EXERCISE BRIEF:
Exercise in exact copying: restate word for word only the lines below from the one containing "Le 24 août 1944, à" through the one containing "El restaurant en", omitting any pictures.

INPUT:
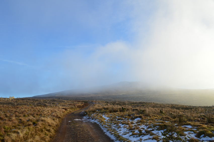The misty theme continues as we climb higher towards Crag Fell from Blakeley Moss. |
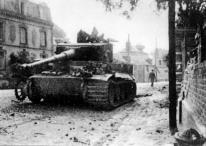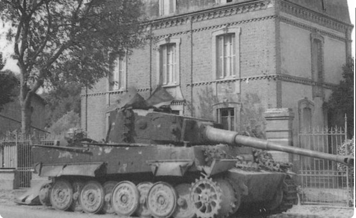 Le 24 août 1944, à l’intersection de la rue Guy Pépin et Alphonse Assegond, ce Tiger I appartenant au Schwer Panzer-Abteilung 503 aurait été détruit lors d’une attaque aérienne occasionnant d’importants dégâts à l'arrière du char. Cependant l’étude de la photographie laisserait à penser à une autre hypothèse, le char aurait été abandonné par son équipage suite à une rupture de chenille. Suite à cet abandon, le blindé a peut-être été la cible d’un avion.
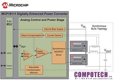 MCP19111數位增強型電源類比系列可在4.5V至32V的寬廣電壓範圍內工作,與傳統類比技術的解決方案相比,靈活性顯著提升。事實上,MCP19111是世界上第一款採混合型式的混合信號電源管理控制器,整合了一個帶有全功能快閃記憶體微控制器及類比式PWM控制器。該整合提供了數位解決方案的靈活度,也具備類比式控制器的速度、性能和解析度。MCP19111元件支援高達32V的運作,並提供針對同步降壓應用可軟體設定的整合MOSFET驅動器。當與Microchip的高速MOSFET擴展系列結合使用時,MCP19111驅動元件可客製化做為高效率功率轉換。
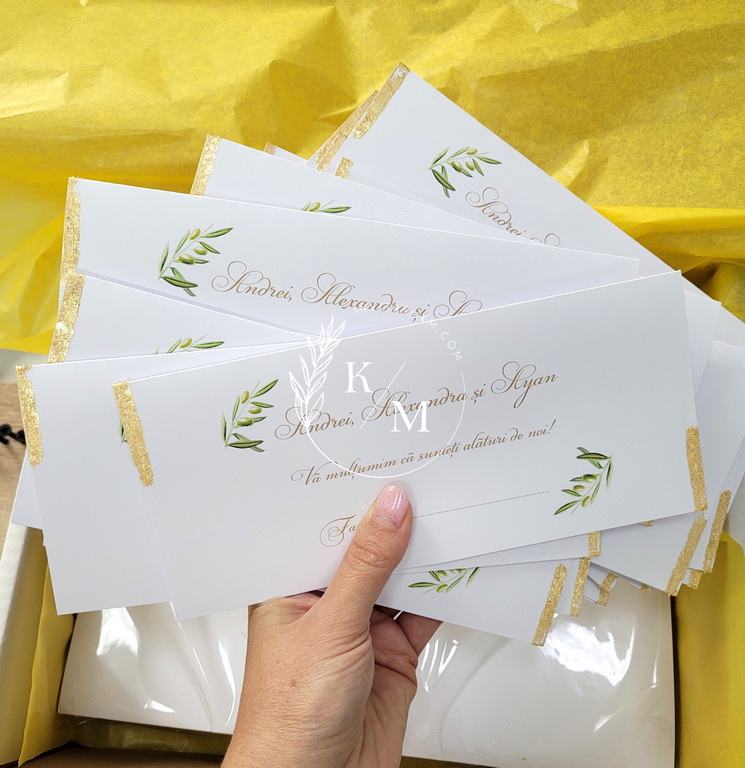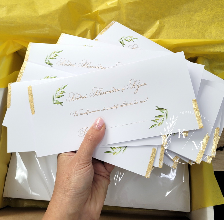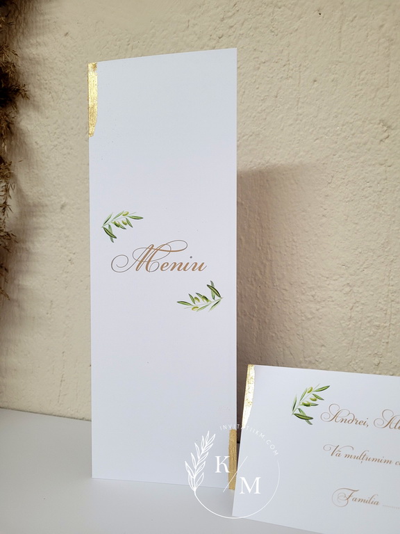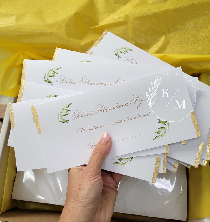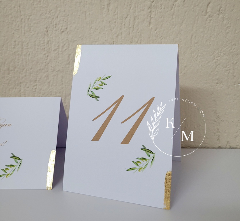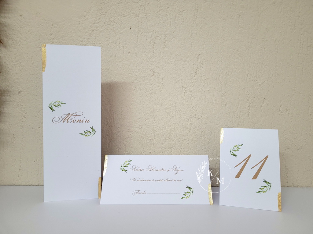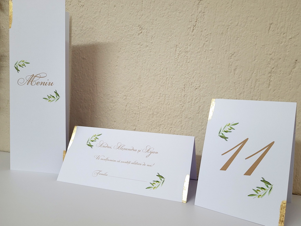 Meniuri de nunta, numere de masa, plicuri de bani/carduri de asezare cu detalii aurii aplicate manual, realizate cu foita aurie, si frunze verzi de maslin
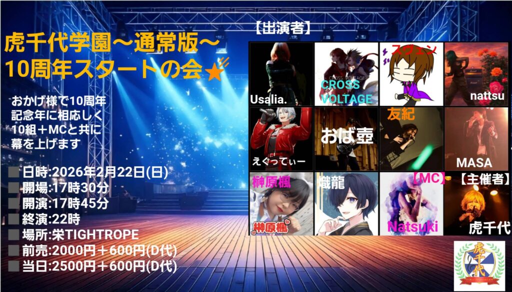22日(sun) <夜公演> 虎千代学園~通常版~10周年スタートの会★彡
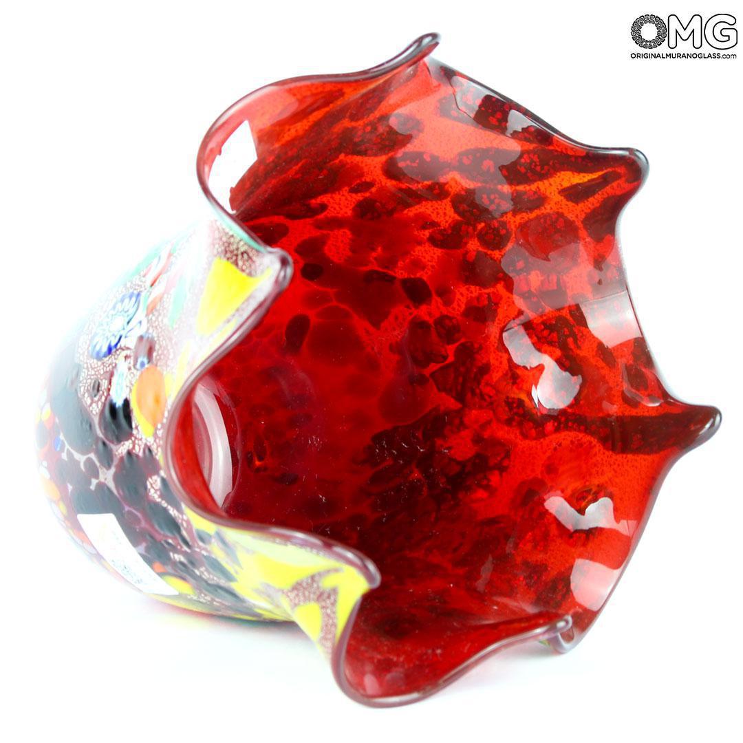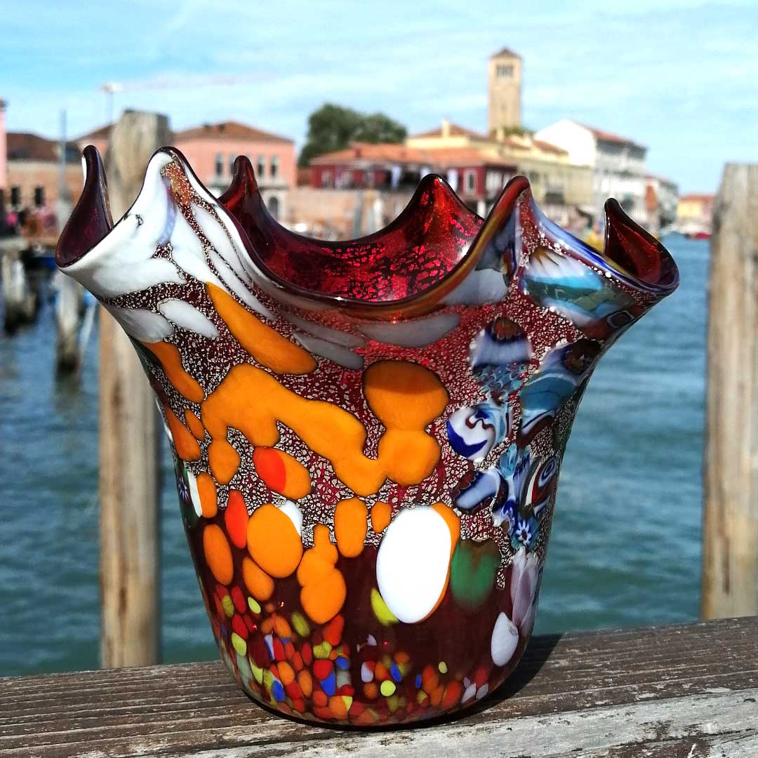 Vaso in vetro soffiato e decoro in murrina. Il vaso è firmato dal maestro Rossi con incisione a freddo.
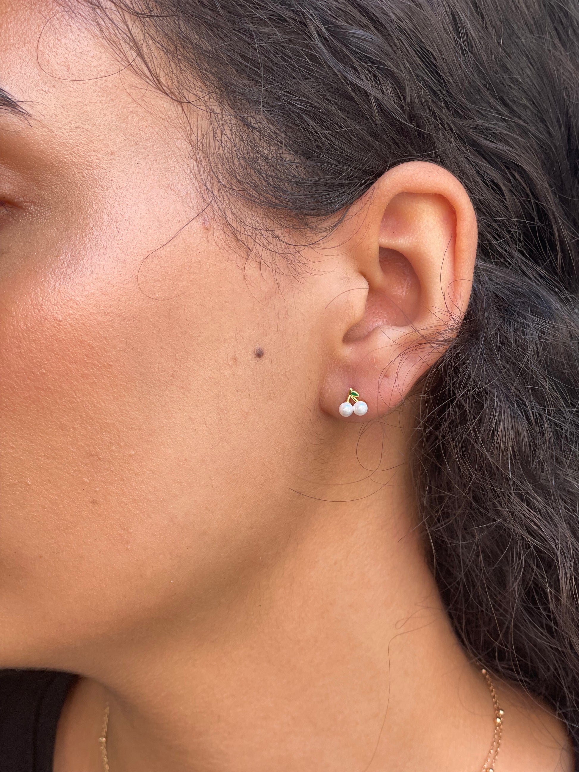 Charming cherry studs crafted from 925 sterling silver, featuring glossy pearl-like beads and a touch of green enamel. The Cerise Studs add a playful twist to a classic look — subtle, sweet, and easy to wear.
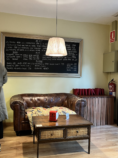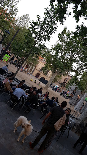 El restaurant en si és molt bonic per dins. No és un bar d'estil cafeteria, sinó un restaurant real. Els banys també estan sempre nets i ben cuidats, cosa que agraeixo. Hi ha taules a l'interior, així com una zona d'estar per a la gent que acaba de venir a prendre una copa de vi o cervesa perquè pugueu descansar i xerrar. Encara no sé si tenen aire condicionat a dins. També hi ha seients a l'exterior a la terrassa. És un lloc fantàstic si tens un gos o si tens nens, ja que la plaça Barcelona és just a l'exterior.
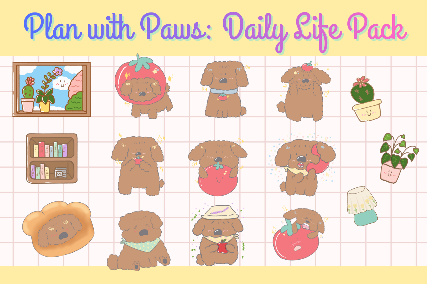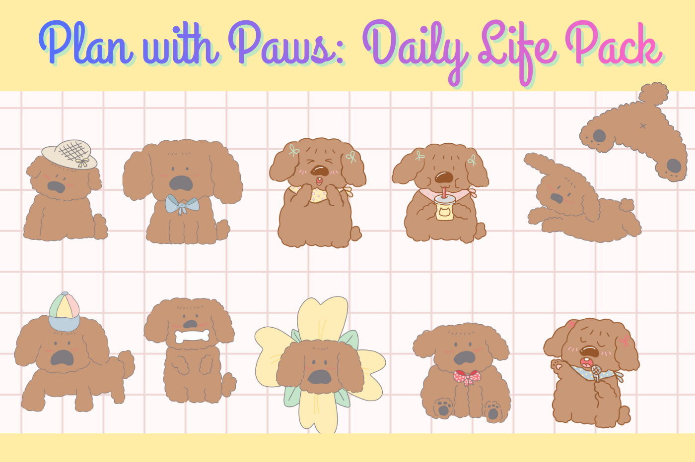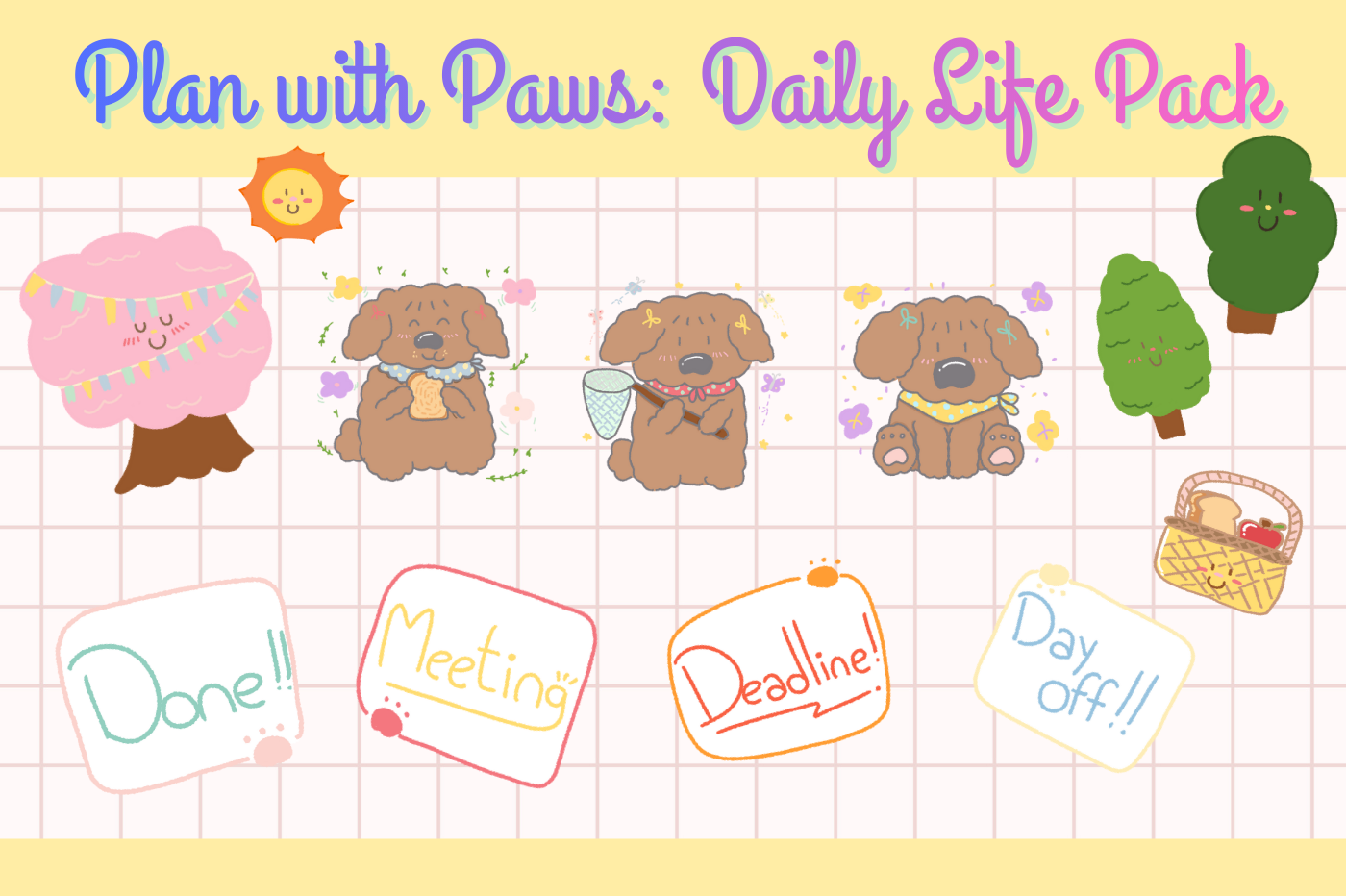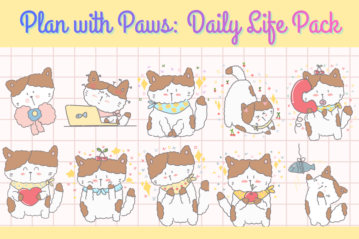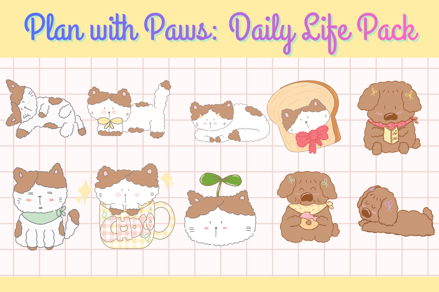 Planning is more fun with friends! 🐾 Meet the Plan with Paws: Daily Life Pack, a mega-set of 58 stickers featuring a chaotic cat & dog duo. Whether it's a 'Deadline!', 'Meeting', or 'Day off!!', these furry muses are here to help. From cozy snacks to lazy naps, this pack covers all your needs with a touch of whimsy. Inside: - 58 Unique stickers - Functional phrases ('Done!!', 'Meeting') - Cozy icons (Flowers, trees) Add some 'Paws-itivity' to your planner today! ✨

RESPONSE:
 Le 24 août 1944, à l’intersection de la rue Guy Pépin et Alphonse Assegond, ce Tiger I appartenant au Schwer Panzer-Abteilung 503 aurait été détruit lors d’une attaque aérienne occasionnant d’importants dégâts à l'arrière du char. Cependant l’étude de la photographie laisserait à penser à une autre hypothèse, le char aurait été abandonné par son équipage suite à une rupture de chenille. Suite à cet abandon, le blindé a peut-être été la cible d’un avion.
 MCP19111數位增強型電源類比系列可在4.5V至32V的寬廣電壓範圍內工作,與傳統類比技術的解決方案相比,靈活性顯著提升。事實上,MCP19111是世界上第一款採混合型式的混合信號電源管理控制器,整合了一個帶有全功能快閃記憶體微控制器及類比式PWM控制器。該整合提供了數位解決方案的靈活度,也具備類比式控制器的速度、性能和解析度。MCP19111元件支援高達32V的運作,並提供針對同步降壓應用可軟體設定的整合MOSFET驅動器。當與Microchip的高速MOSFET擴展系列結合使用時,MCP19111驅動元件可客製化做為高效率功率轉換。
 Meniuri de nunta, numere de masa, plicuri de bani/carduri de asezare cu detalii aurii aplicate manual, realizate cu foita aurie, si frunze verzi de maslin
22日(sun) <夜公演> 虎千代学園~通常版~10周年スタートの会★彡
 Vaso in vetro soffiato e decoro in murrina. Il vaso è firmato dal maestro Rossi con incisione a freddo.
 Charming cherry studs crafted from 925 sterling silver, featuring glossy pearl-like beads and a touch of green enamel. The Cerise Studs add a playful twist to a classic look — subtle, sweet, and easy to wear.
 El restaurant en si és molt bonic per dins. No és un bar d'estil cafeteria, sinó un restaurant real. Els banys també estan sempre nets i ben cuidats, cosa que agraeixo. Hi ha taules a l'interior, així com una zona d'estar per a la gent que acaba de venir a prendre una copa de vi o cervesa perquè pugueu descansar i xerrar. Encara no sé si tenen aire condicionat a dins. També hi ha seients a l'exterior a la terrassa. És un lloc fantàstic si tens un gos o si tens nens, ja que la plaça Barcelona és just a l'exterior.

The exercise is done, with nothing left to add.